[LISTED ENTRIES — start]

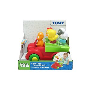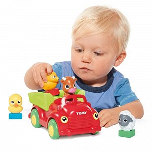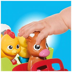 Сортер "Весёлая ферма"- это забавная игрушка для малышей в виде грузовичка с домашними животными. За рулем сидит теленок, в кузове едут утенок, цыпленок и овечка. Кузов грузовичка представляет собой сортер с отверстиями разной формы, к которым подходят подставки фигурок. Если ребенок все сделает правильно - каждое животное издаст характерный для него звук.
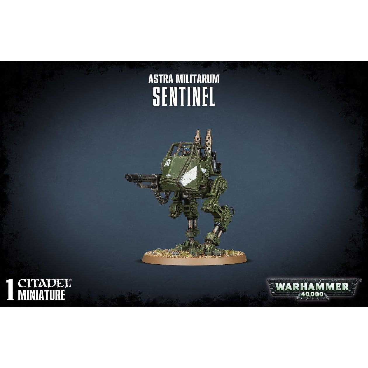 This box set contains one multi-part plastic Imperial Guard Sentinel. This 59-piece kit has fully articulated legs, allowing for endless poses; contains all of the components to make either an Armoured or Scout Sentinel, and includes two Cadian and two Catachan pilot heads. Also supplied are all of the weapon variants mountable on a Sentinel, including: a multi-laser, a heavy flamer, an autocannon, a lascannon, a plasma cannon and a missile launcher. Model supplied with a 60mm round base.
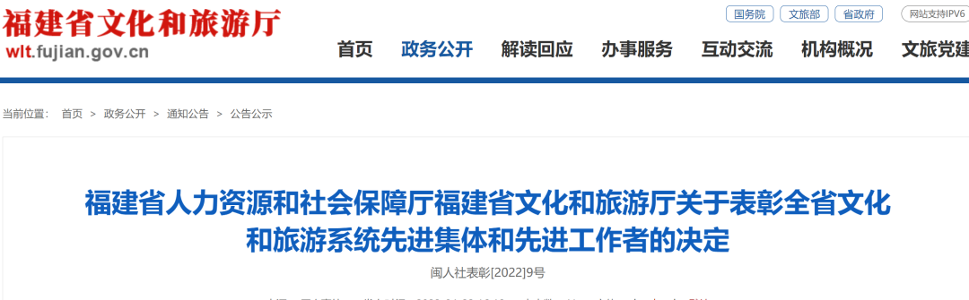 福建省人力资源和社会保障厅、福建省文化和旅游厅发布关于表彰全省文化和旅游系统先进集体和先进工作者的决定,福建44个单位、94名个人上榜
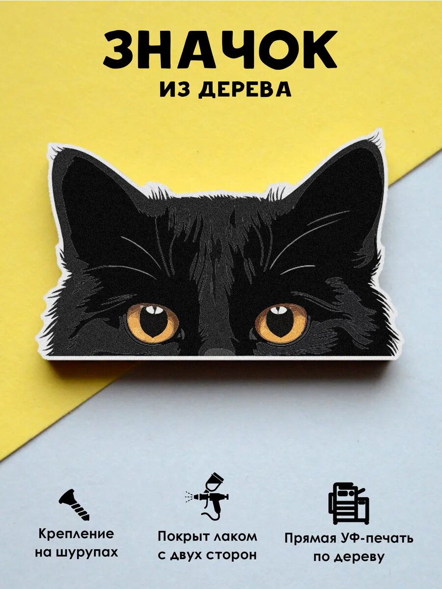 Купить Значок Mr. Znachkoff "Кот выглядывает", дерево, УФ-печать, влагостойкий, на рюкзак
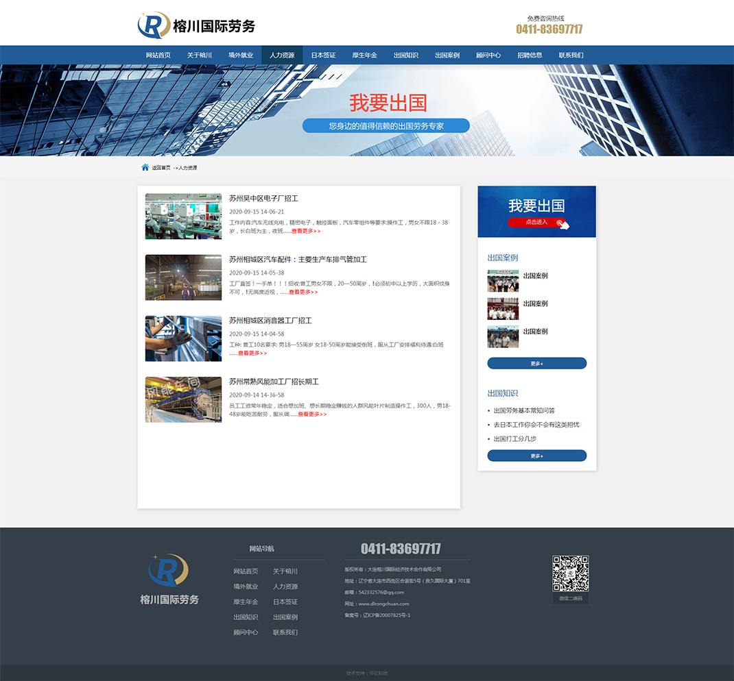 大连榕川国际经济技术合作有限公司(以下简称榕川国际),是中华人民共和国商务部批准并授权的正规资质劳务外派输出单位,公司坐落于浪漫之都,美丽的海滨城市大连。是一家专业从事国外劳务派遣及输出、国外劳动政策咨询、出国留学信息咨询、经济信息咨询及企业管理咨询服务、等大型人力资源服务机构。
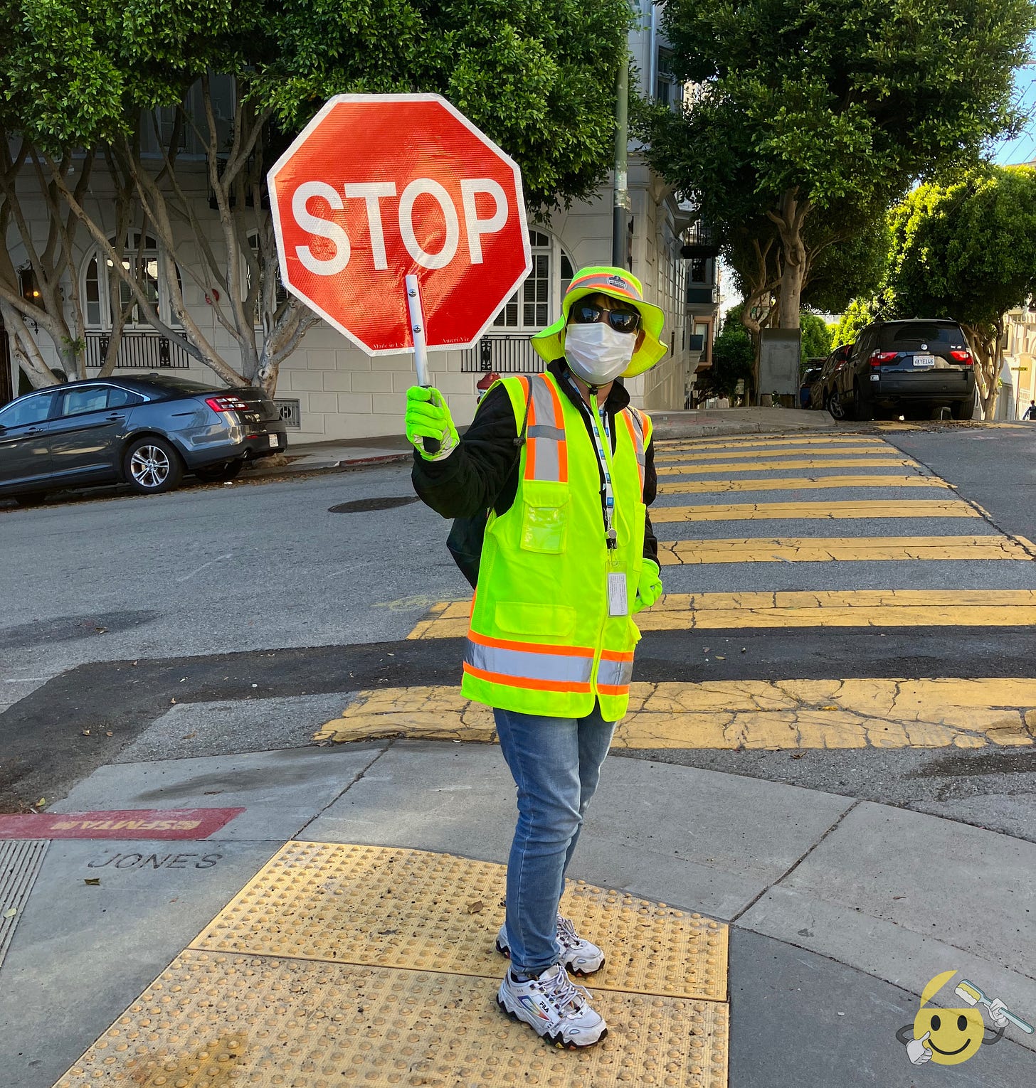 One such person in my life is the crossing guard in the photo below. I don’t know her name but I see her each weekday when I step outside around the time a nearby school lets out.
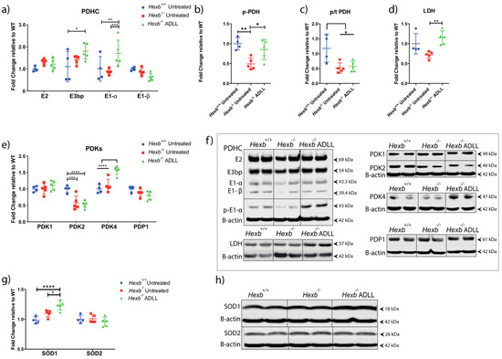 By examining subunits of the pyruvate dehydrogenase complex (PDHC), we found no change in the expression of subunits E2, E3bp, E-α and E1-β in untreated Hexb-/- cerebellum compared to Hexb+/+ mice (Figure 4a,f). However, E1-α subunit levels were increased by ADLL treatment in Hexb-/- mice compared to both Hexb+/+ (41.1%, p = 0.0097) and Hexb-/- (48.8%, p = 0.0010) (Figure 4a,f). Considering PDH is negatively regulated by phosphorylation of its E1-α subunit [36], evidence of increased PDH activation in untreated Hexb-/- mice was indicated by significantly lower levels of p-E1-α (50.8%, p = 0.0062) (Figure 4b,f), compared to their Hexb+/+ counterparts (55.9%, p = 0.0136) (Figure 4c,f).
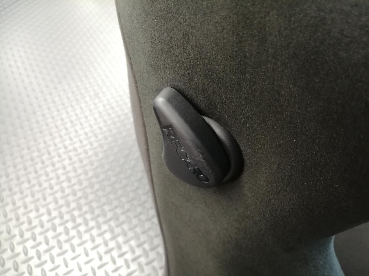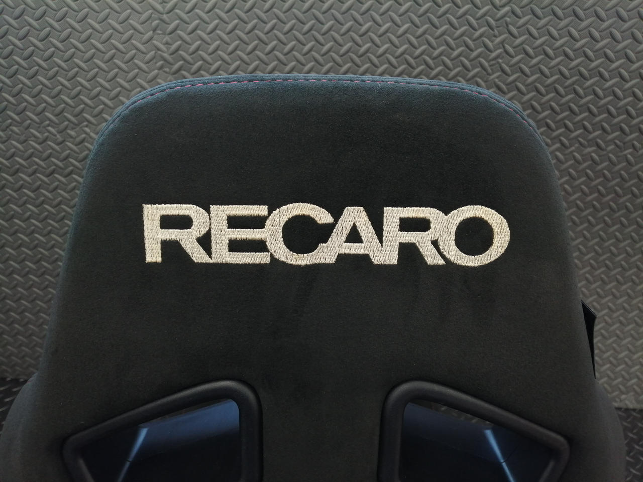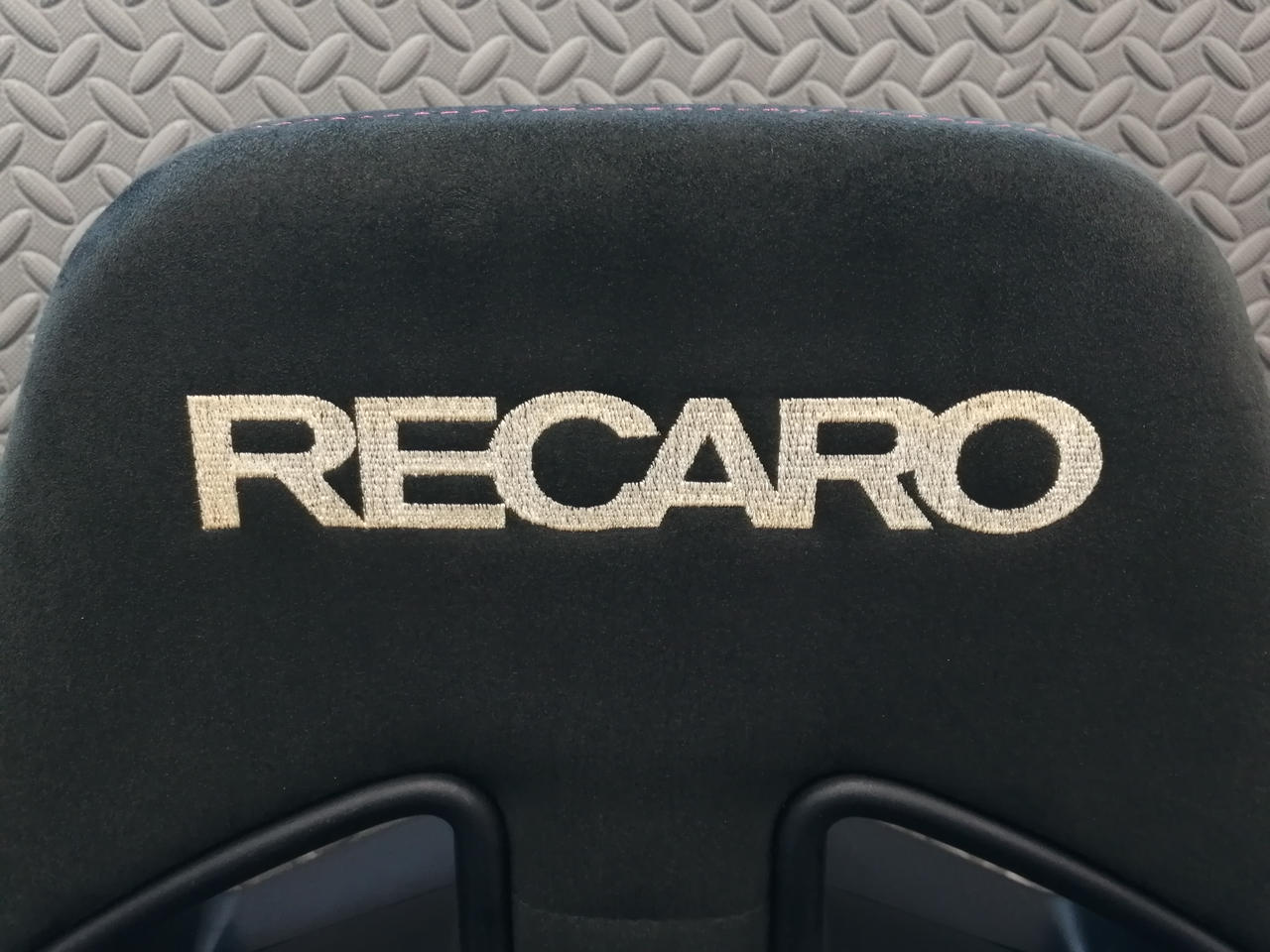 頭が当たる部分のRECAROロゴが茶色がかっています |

[LISTED ENTRIES — finish]

▶ [WHAT TO DO]:
From the line that contains "By examining subunits" to the last line of the records above, copy each line exactly, both ends included, and leave the pictures out.

▶ [RESPONSE BELOW]:
 By examining subunits of the pyruvate dehydrogenase complex (PDHC), we found no change in the expression of subunits E2, E3bp, E-α and E1-β in untreated Hexb-/- cerebellum compared to Hexb+/+ mice (Figure 4a,f). However, E1-α subunit levels were increased by ADLL treatment in Hexb-/- mice compared to both Hexb+/+ (41.1%, p = 0.0097) and Hexb-/- (48.8%, p = 0.0010) (Figure 4a,f). Considering PDH is negatively regulated by phosphorylation of its E1-α subunit [36], evidence of increased PDH activation in untreated Hexb-/- mice was indicated by significantly lower levels of p-E1-α (50.8%, p = 0.0062) (Figure 4b,f), compared to their Hexb+/+ counterparts (55.9%, p = 0.0136) (Figure 4c,f).
 頭が当たる部分のRECAROロゴが茶色がかっています |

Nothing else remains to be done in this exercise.